Example Application: Sourcing Facilities

• An example involving sourcing facilities in Pune, Gurgaon, and Jamshedpur is presented. Markets include Ahmedabad, Cochin, Hyderabad, Chennai, and Bangalore. Transportation costs per ton per kilometer are also discussed.

Input Data Setup in Excel

Spreadsheet Preparation

• Instructions are provided on setting up an Excel spreadsheet to input data related to supply sources and market demands. Key elements include transportation costs and quantities available at each source.

Developing Formulas in Excel

• The process of creating formulas within Excel is outlined. Specifically, cell G4 will be used to calculate distance dn , using:

[

dn = sqrt(B15 - E4)^2 + (B16 - F4)^2

]

Importance of Absolute Values in Formulas

• Emphasis is placed on using absolute values (denoted by dollar symbols in Excel). This ensures that certain coordinate values remain constant while others change as formulas are copied across cells.

Understanding the Optimization Process in Excel

Copying Formulas and Dynamic Cell References

• The speaker explains how to copy a formula from cell G4 to G11, maintaining common references for cells B15 and B16 while adjusting E and F cell references dynamically.

• The initial values of X and Y are set to 00, which influences the calculated values derived from the copied formulas.

Calculating Total Cost Using Sum Product

• The total cost in cell B18 is calculated using a sum product formula that multiplies corresponding values from columns C, D, and G across multiple rows (G4-G11).

• Each multiplication involves pairing G with D and C for each respective row, culminating in a comprehensive total cost reflected in cell B18.

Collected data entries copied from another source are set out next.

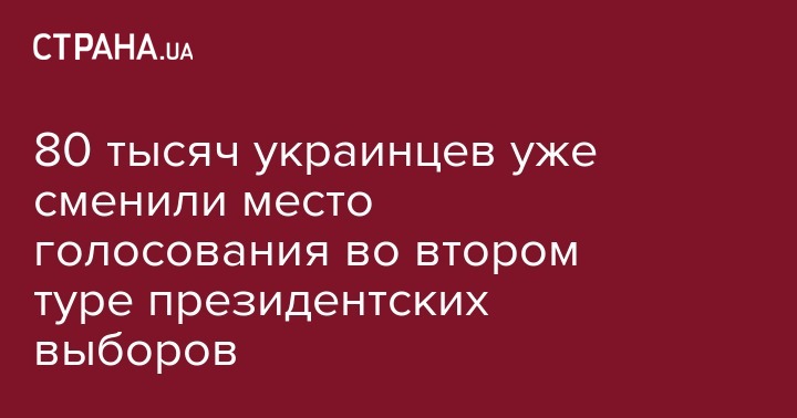 По состоянию на 10 апреля более 80 тысяч избирателей уже изменили место голосования для участия во втором туре президентских выборов. Об этом свидетельствуют данные Государственного реестра избирателей.
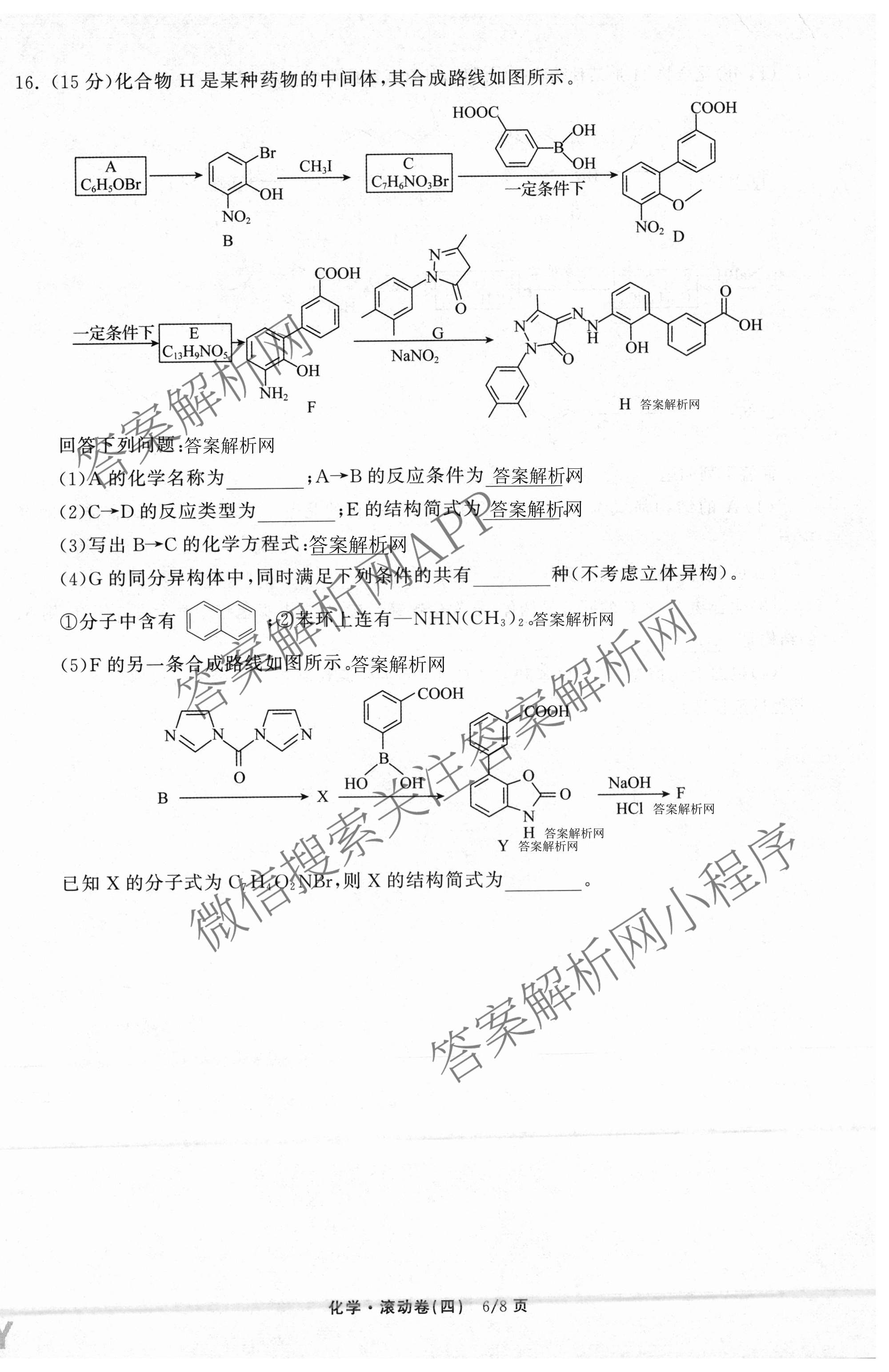 - [衡中同卷]2025~2026学年度(高三)复习滚动卷(四)4化学(JY)答案
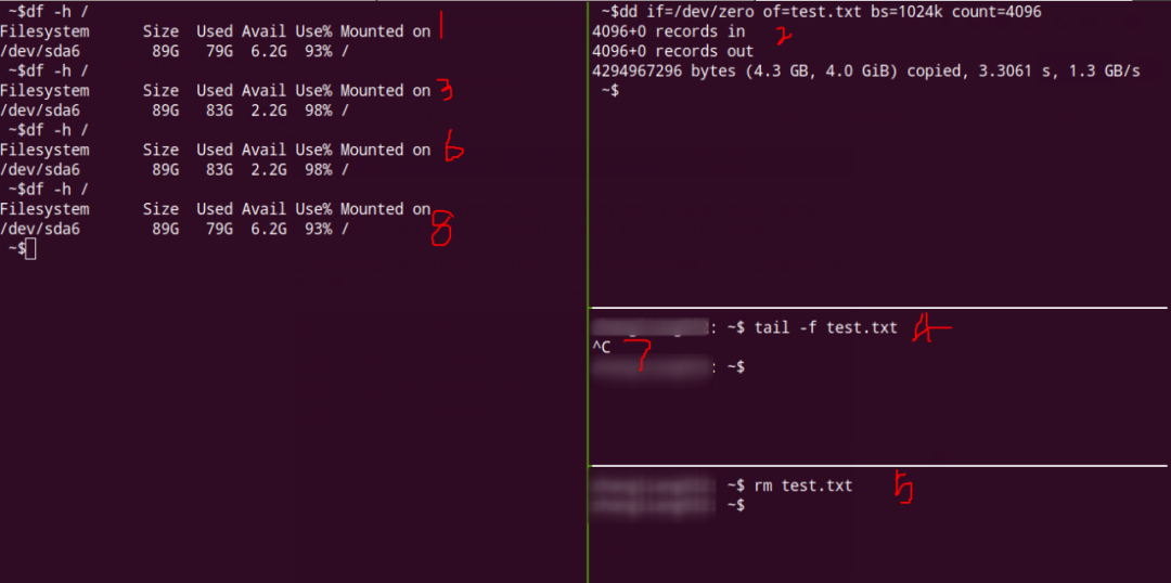 一个文件在文件系统中的存放分为两个部分:数据部分和指针部分,指针位于文件系统的 meta-data 中,数据被删除后,这个指针就从 meta-data 中清除了,而数据部分存储在磁盘中,数据对应的指针从 meta-data 中清除后,文件数据部分占用的空间就可以被覆盖并写入新的内容,之所以出现删除 test.txt 文件后,空间还没释放,就是因为 tail -f 进程还在一直打开这个文件句柄,文件对应的指针部分由于进程锁定,并未从 meta-data 中清除。由于指针并未被删除,那么系统内核就认为文件并未被删除,因此通过 df 命令查询空间并未释放。

Utilizing Solver for Cost Minimization

• To minimize total costs effectively, the speaker introduces the Solver tool within Excel, targeting cell B18 as the objective for minimization.

• Decision variables are identified as cells B15 and B16; these will be adjusted by Solver to achieve optimal results.

Results of Optimization

• Upon executing Solver, new optimized values emerge: approximately 700 for X and 1500 for Y. This adjustment significantly reduces transportation costs from over 477 million to about 193 million.